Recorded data
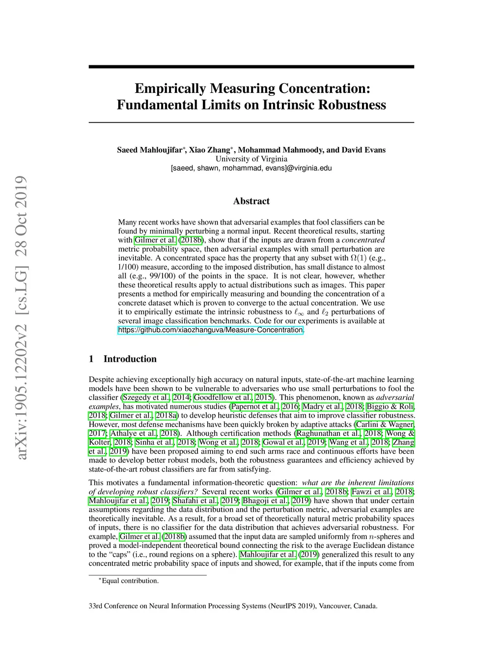 Many recent works have shown that adversarial examples that fool classifiers can be found by minimally perturbing a normal input. Recent theoretical results, starting with Gilmer et al. (2018b), show that if the inputs are drawn from a concentrated metric probability space, then adversarial examples with small perturbation are inevitable. A concentrated space has the property that any subset with (e.g., 1/100) measure, according to the imposed distribution, has small distance to almost all (e.g., 99/100) of the points in the space. It is not clear, however, whether these theoretical results apply to actual distributions such as images. This paper presents a method for empirically measuring and bounding the concentration of a concrete dataset which is proven to converge to the actual concentration. We use it to empirically estimate the intrinsic robustness to and perturbations of several image classification benchmarks. Code for our experiments is available at https://github.com/xiaozhanguva/Measure-Concentration.
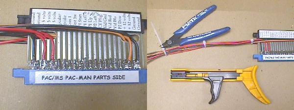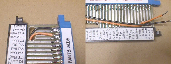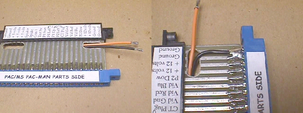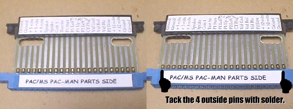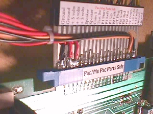 Here's something that I always do before ever taking that old Amp wannabe edge connector off the board and that is to put a *parts side* label on it. There is no end to the number of times that a Pac connector has been put on backwards. I had a tech stop by last week that has been making his living for the past 30 years in coin-op & what does he ask me... what kind of problems should I look for after plugging up a Ms Pac harness backwards & having everything go dead? I told him if he was lucky.... luck seems to have a lot to do with coin-op repair :-)... all he would need to do is change the fuses, and he was, but shouldn't he have known to check the fuses in the first place. Sometimes it's the simplest of things that get overlooked by even the pros.
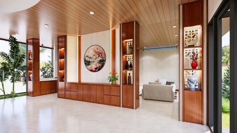 Từ khu vực phòng trà đóng vai trò chuyển tiếp, giúp điều chỉnh trạng thái, đến những bàn tròn định hình phong cách đối thoại cân bằng, mọi chi tiết đều được tính toán để cuộc trao đổi diễn ra tự nhiên và hiệu quả. Cảnh quan xanh mát xung quanh góp phần duy trì trạng thái cảm xúc ổn định, tạo cảm giác dễ chịu trong suốt thời gian lưu lại.
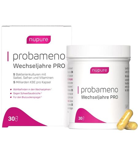 Anwendungsgebiet von Nupure Probameno Wechseljahre PROHormonelle Veränderungen in den Wechseljahren, insbesondere der Rückgang von Östrogen spielen eine wichtige Rolle bei der Zusammensetzung und Funktion der Mikroben in diesen Bereichen, was sich auf deren Zustand auswirkt. Forschungsergebnisse legen nahe, dass die Aufrechterhaltung einer ausgewogenen mikrobiellen Flora helfen kann, Symptome zu lindern und das allgemeine Wohlbefinden während der Wechseljahre zu fördern. Nupure Probameno Wechseljahre PRO enthält fünf klinisch untersuchte Bakterienstämme, die dazu beitragen, das Gleichgewicht der Darm- und Vaginalflora zu unterstützen.Wirkstoffe / Inhaltsstoffe / ZutatenZutaten von Nupure Probameno Wechseljahre PRO:
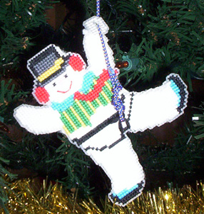I designed this myself the first year I was climbing. The basic snowman was from a book of cross stitch motifs. Then I added the harness, climbing shoes, rope and biner. I made one for myself and a couple for other climbing friends.
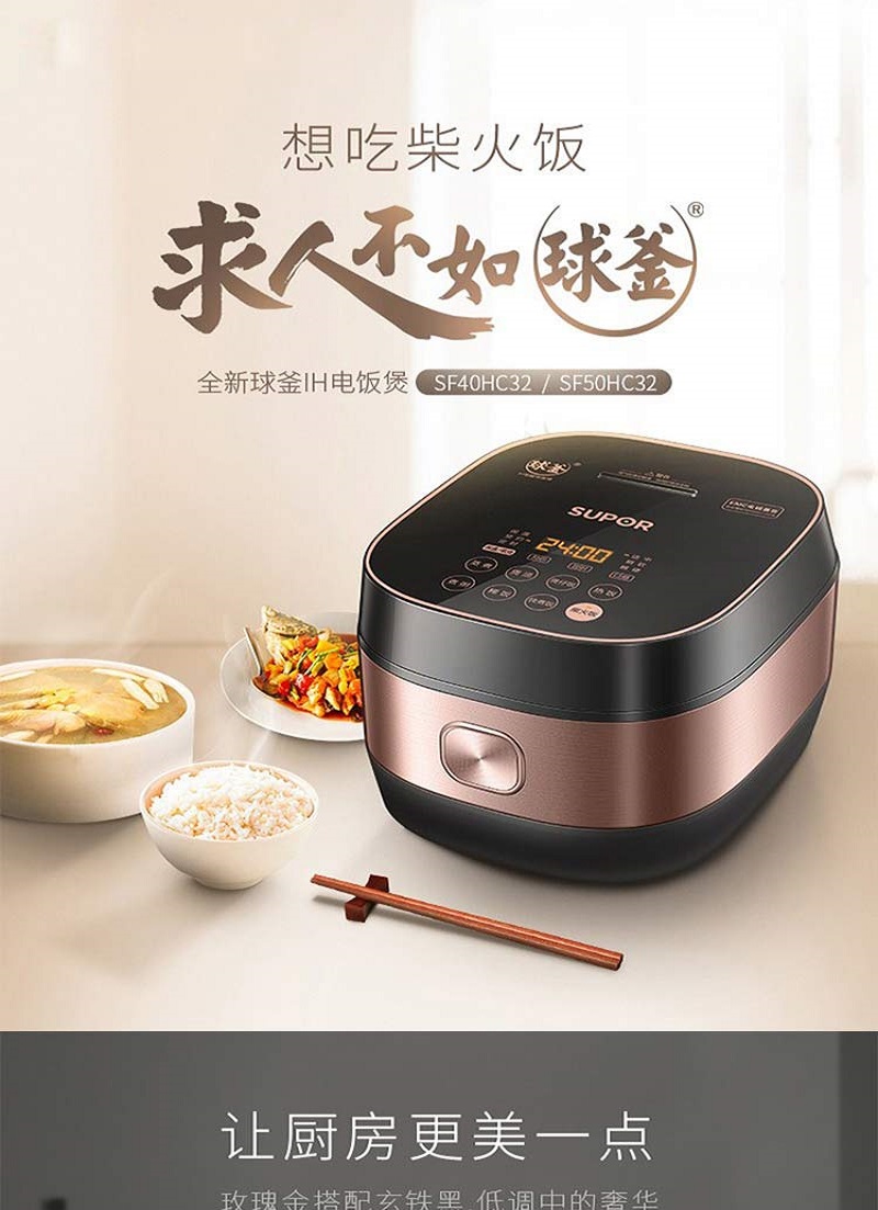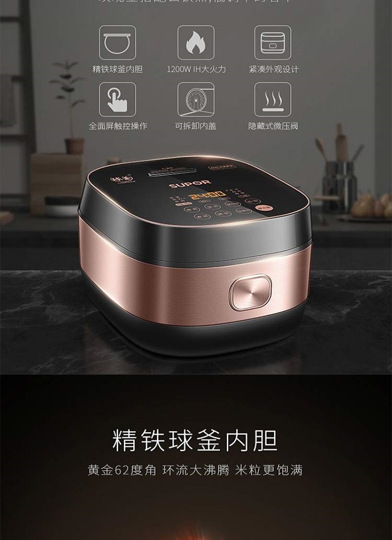 苏泊尔 ZMD安心系列 电饭煲电饭锅IH电磁加热智能预约4L电饭煲触摸操控精铁球釜内胆家用智能苏泊尔电饭煲SF40HC32
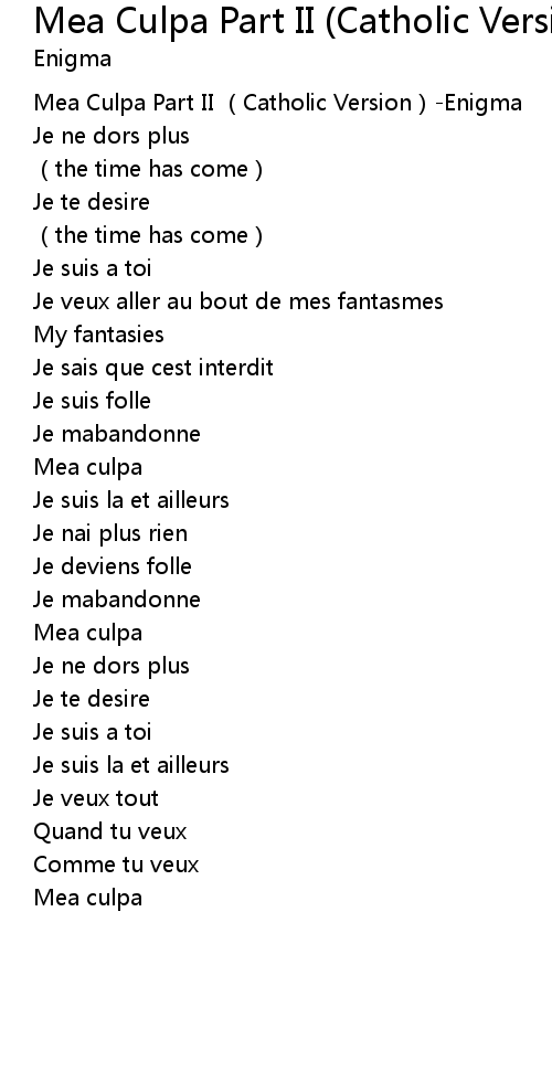 | [00:01.370] | Mea Culpa Part II Catholic Version Enigma |
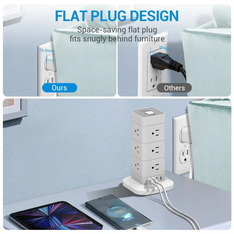 ·Space-Saving Vertical Design: This power strip is designed to optimize space while delivering maximum power. The sleek, vertical design and compact flat plug make it a practical electrical tower solution for maximizing limited spaces while keeping cords tangle-free.
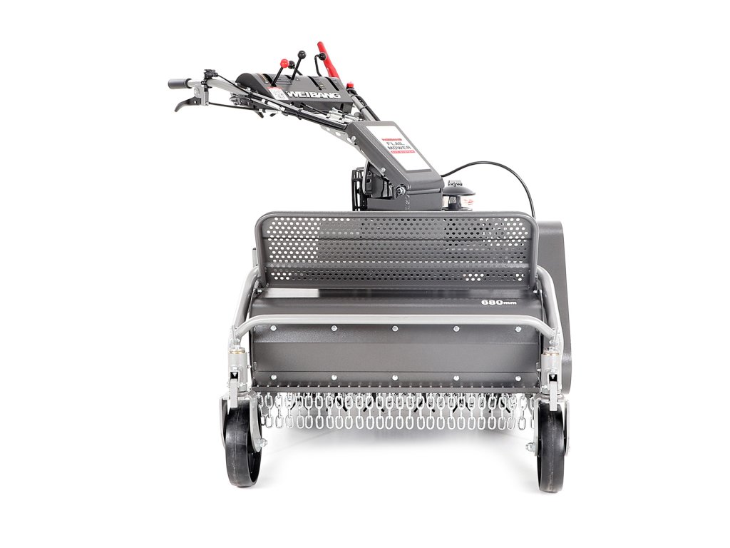 Kolová cepová sekačka WEIBANG WB GT6813 je určena pro sečení vysoko-stéblového plevele na velkých plochách a ve složitém terénu. Je osazena benzínovým motorem o výkonu 9HP a nejnovějším systémem plynule měnitelné převodovky Weibang (CVT). Cepová sekačka je vybavena širokou žací hlavou s ocelovými čepelemi typu Y, díky kterým dokáže během okamžiku osekat všechny velké plochy. Řidítka lze rychle nastavit do vertikální, tak i horizontální polohy tak, aby vyhovovala náročným provozním podmínkám ve složitém prostředí.
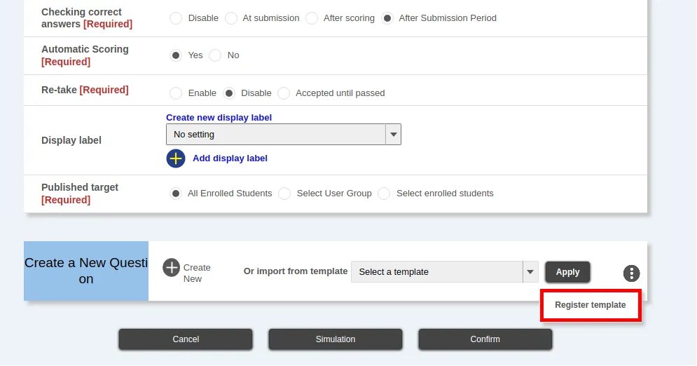 After you have finished setting up the entire test and creating the questions, click on “Confirm” at the bottom of the “Create a New Quiz” screen to check the contents, and then click on “Register” to register for the test.
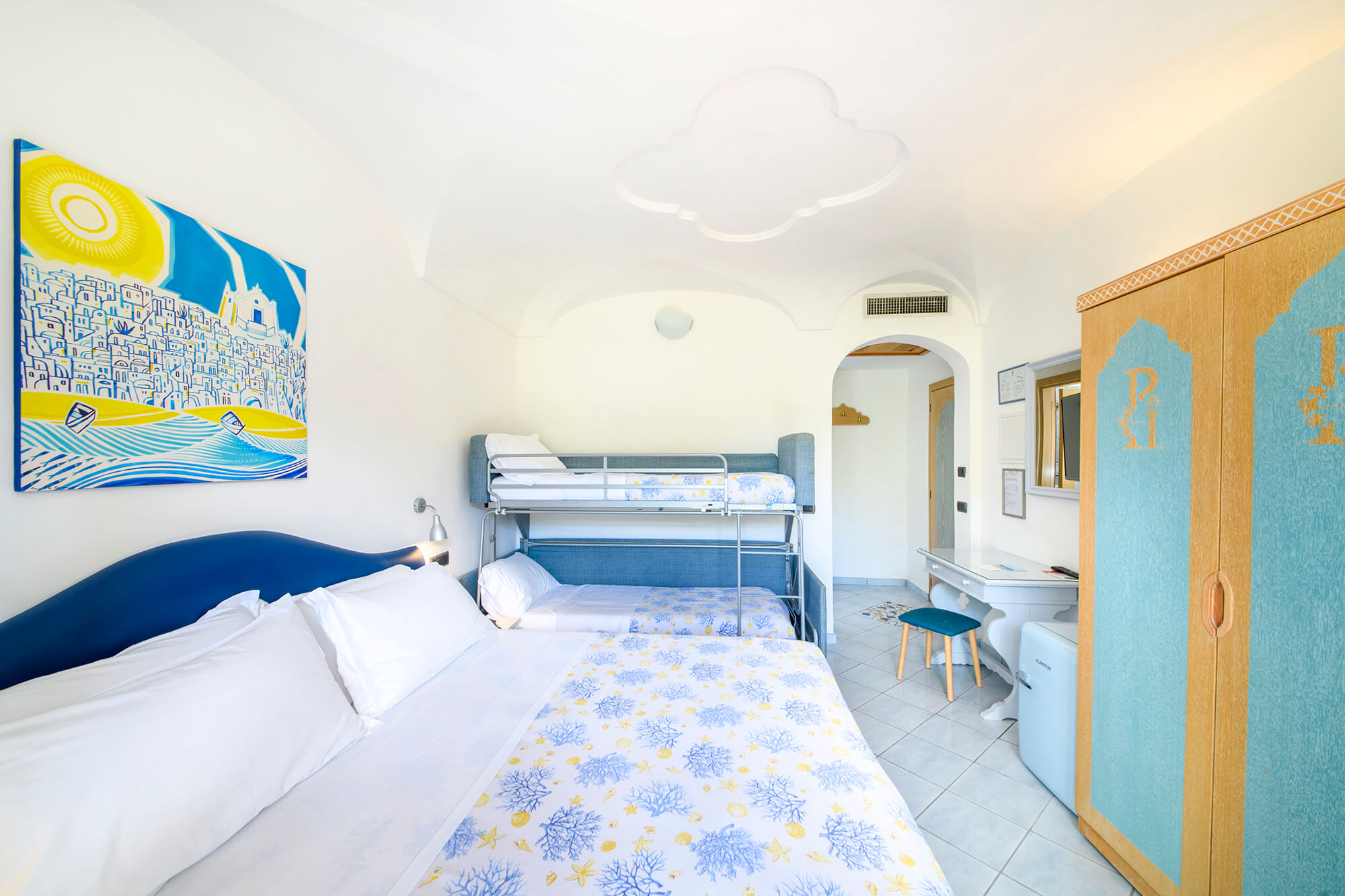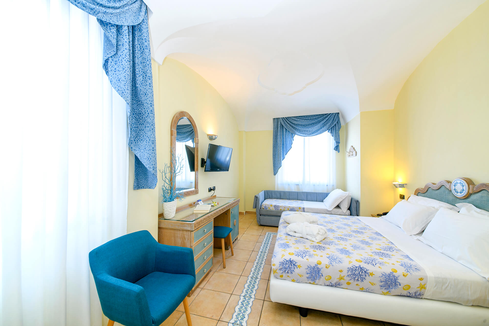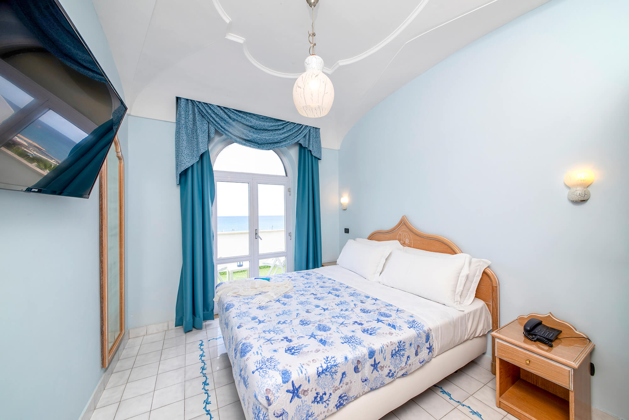 Potrai scegliere tra camere Standard, Vista Mare, Vista Mare con Balcone, Family e le raffinate Deluxe “La Torre”. Ogni tipologia risponde a esigenze diverse: dalle soluzioni funzionali e comode, alle più esclusive, come le Deluxe con due ambienti separati, ampia terrazza privata e piscina idromassaggio.

Task objective. Print the data above exactly, minus pictures.

Response.
 Many recent works have shown that adversarial examples that fool classifiers can be found by minimally perturbing a normal input. Recent theoretical results, starting with Gilmer et al. (2018b), show that if the inputs are drawn from a concentrated metric probability space, then adversarial examples with small perturbation are inevitable. A concentrated space has the property that any subset with (e.g., 1/100) measure, according to the imposed distribution, has small distance to almost all (e.g., 99/100) of the points in the space. It is not clear, however, whether these theoretical results apply to actual distributions such as images. This paper presents a method for empirically measuring and bounding the concentration of a concrete dataset which is proven to converge to the actual concentration. We use it to empirically estimate the intrinsic robustness to and perturbations of several image classification benchmarks. Code for our experiments is available at https://github.com/xiaozhanguva/Measure-Concentration.
 Here's something that I always do before ever taking that old Amp wannabe edge connector off the board and that is to put a *parts side* label on it. There is no end to the number of times that a Pac connector has been put on backwards. I had a tech stop by last week that has been making his living for the past 30 years in coin-op & what does he ask me... what kind of problems should I look for after plugging up a Ms Pac harness backwards & having everything go dead? I told him if he was lucky.... luck seems to have a lot to do with coin-op repair :-)... all he would need to do is change the fuses, and he was, but shouldn't he have known to check the fuses in the first place. Sometimes it's the simplest of things that get overlooked by even the pros.
 Từ khu vực phòng trà đóng vai trò chuyển tiếp, giúp điều chỉnh trạng thái, đến những bàn tròn định hình phong cách đối thoại cân bằng, mọi chi tiết đều được tính toán để cuộc trao đổi diễn ra tự nhiên và hiệu quả. Cảnh quan xanh mát xung quanh góp phần duy trì trạng thái cảm xúc ổn định, tạo cảm giác dễ chịu trong suốt thời gian lưu lại.
 Anwendungsgebiet von Nupure Probameno Wechseljahre PROHormonelle Veränderungen in den Wechseljahren, insbesondere der Rückgang von Östrogen spielen eine wichtige Rolle bei der Zusammensetzung und Funktion der Mikroben in diesen Bereichen, was sich auf deren Zustand auswirkt. Forschungsergebnisse legen nahe, dass die Aufrechterhaltung einer ausgewogenen mikrobiellen Flora helfen kann, Symptome zu lindern und das allgemeine Wohlbefinden während der Wechseljahre zu fördern. Nupure Probameno Wechseljahre PRO enthält fünf klinisch untersuchte Bakterienstämme, die dazu beitragen, das Gleichgewicht der Darm- und Vaginalflora zu unterstützen.Wirkstoffe / Inhaltsstoffe / ZutatenZutaten von Nupure Probameno Wechseljahre PRO:
I designed this myself the first year I was climbing. The basic snowman was from a book of cross stitch motifs. Then I added the harness, climbing shoes, rope and biner. I made one for myself and a couple for other climbing friends.
 苏泊尔 ZMD安心系列 电饭煲电饭锅IH电磁加热智能预约4L电饭煲触摸操控精铁球釜内胆家用智能苏泊尔电饭煲SF40HC32
 | [00:01.370] | Mea Culpa Part II Catholic Version Enigma |
 ·Space-Saving Vertical Design: This power strip is designed to optimize space while delivering maximum power. The sleek, vertical design and compact flat plug make it a practical electrical tower solution for maximizing limited spaces while keeping cords tangle-free.
 Kolová cepová sekačka WEIBANG WB GT6813 je určena pro sečení vysoko-stéblového plevele na velkých plochách a ve složitém terénu. Je osazena benzínovým motorem o výkonu 9HP a nejnovějším systémem plynule měnitelné převodovky Weibang (CVT). Cepová sekačka je vybavena širokou žací hlavou s ocelovými čepelemi typu Y, díky kterým dokáže během okamžiku osekat všechny velké plochy. Řidítka lze rychle nastavit do vertikální, tak i horizontální polohy tak, aby vyhovovala náročným provozním podmínkám ve složitém prostředí.
 After you have finished setting up the entire test and creating the questions, click on “Confirm” at the bottom of the “Create a New Quiz” screen to check the contents, and then click on “Register” to register for the test.
 Potrai scegliere tra camere Standard, Vista Mare, Vista Mare con Balcone, Family e le raffinate Deluxe “La Torre”. Ogni tipologia risponde a esigenze diverse: dalle soluzioni funzionali e comode, alle più esclusive, come le Deluxe con due ambienti separati, ampia terrazza privata e piscina idromassaggio.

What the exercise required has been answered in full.